The landscape's scale, combined with limited access routes, means hunters spread thin across vast terrain. Weather and logistics, not crowding, are the real challenges.
Boundaries & Context
Unit 25A sprawls across northeastern Alaska's Brooks Range foothills, encompassing over 21,000 square miles of arctic landscape. The unit centers on the Chandalar drainage system and extends across rolling tundra and exposed ridgelines typical of the area's transition between boreal forest and true arctic tundra. Small communities—Arctic Village, Christian, Chandalar—dot the periphery but represent minimal development within the unit itself.
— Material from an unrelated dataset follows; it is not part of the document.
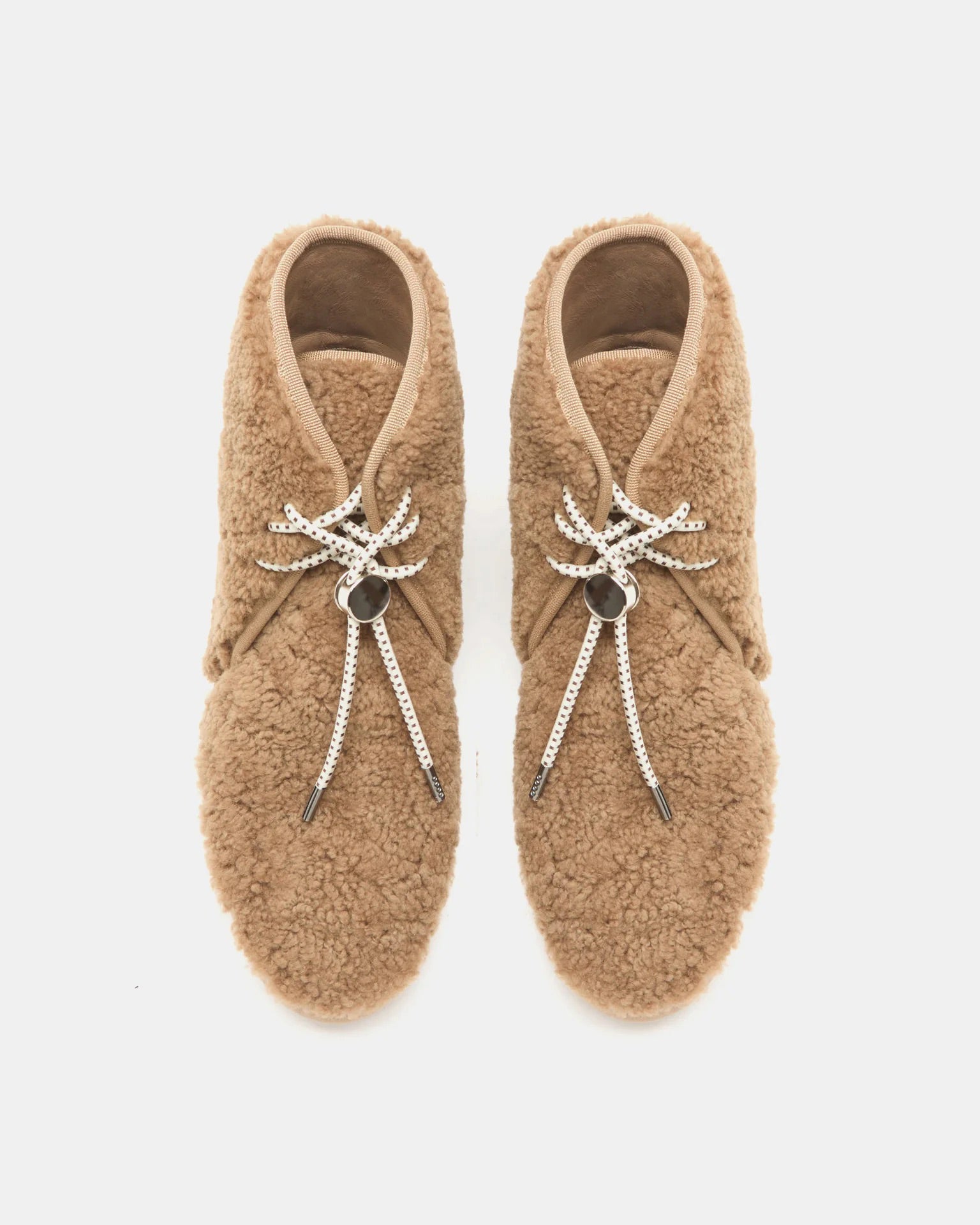 Desert Boot, handcrafted in nut shearling with lace up fastening, a cushioned calf leather insole and a removable shearling insert. Outer soles are anti slip rubber with a 25mm heel. Made in Italy.

The terrain transitions from lower river valleys rising to exposed, windswept ridges and scattered mountain clusters. Public land comprises the vast majority, offering unrestricted backcountry access once you reach the country.
Water & Drainages
The Chandalar system and its tributaries—West Fork Chandalar River, Rosalie Creek, Trilby Creek, Sammy Creek, Beaucoup Creek—form the unit's primary drainage network. Multiple named creeks provide reliable water sources throughout drainages, critical in tundra country where surface water is essential. Lakes scatter across the tundra: Sheenjek Lake, Blackfish Lake, Khaali Lake, and several others offer both water and navigation waypoints.
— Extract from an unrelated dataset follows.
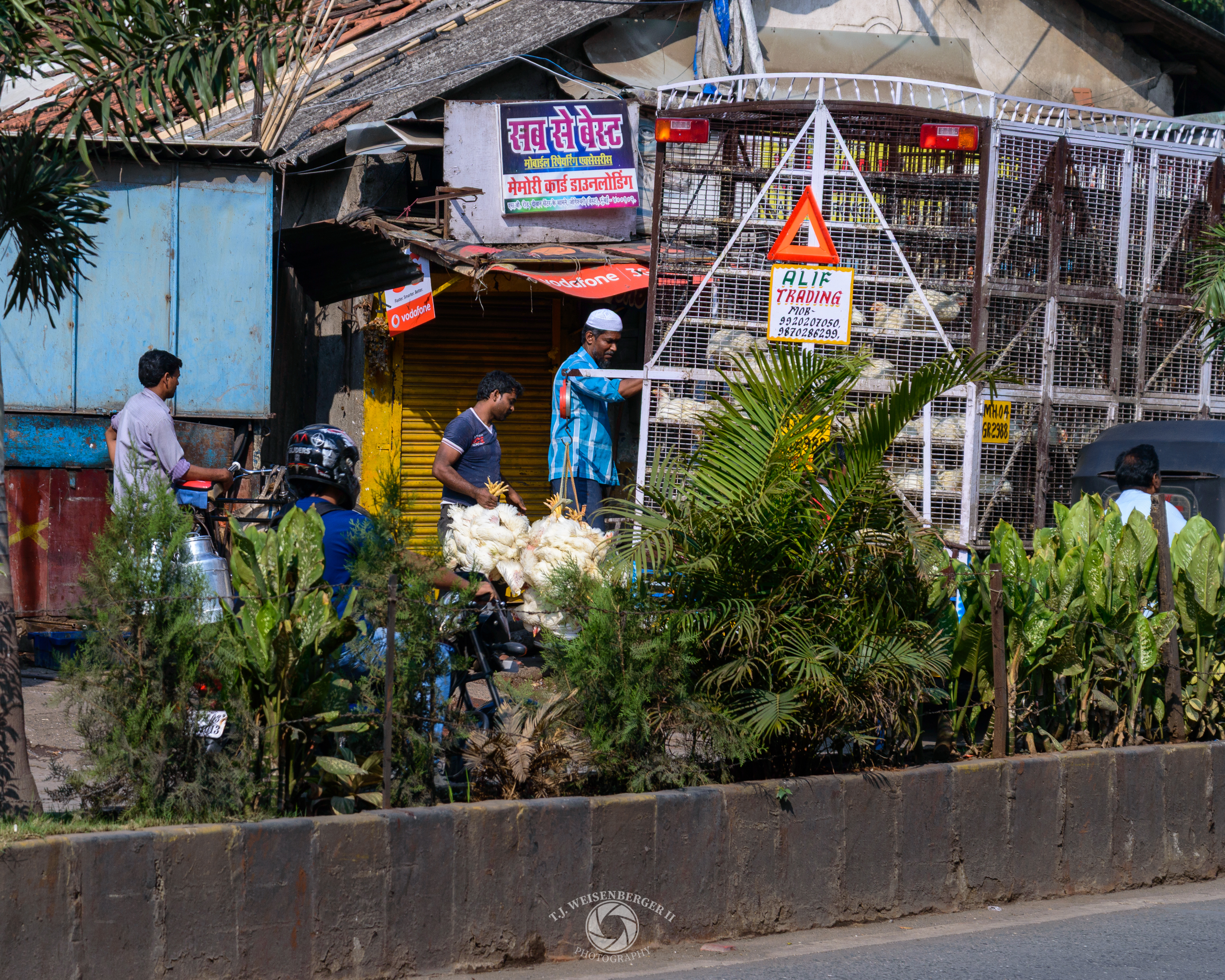 A truck sells live chickens on a city street, reflecting the everyday rhythms of urban life.

Glacier Spring indicates reliable water even in higher elevations. The moderate water rating reflects this network's distribution, though tundra terrain means water is seasonally variable—abundant during snowmelt, more scattered in late season. Drainages funnel wildlife movement and provide natural travel corridors.
Hunting Strategy
Unit 25A hosts diverse subarctic game: caribou, moose, Dall sheep, mountain goats, brown bears, and wolves occupy different elevations and seasonal ranges. Caribou migrate through tundra and higher ridges—hunt elevated plateaus and passes during migration windows. Moose concentrate in willow drainages and river bottoms; the Chandalar system and tributary valleys hold resident populations.
Dall sheep prefer exposed ridges and higher terrain; the Davidson Mountains and surrounding ridgelines are primary habitat. Mountain goat habitat aligns with steeper terrain and cliffs, though sparse relative to more southern ranges. Brown bears hunt salmon drainages in season and use tundra slopes year-round.
Success requires understanding seasonal movement, terrain navigation, and self-rescue. Plan hunts around water access and weather windows.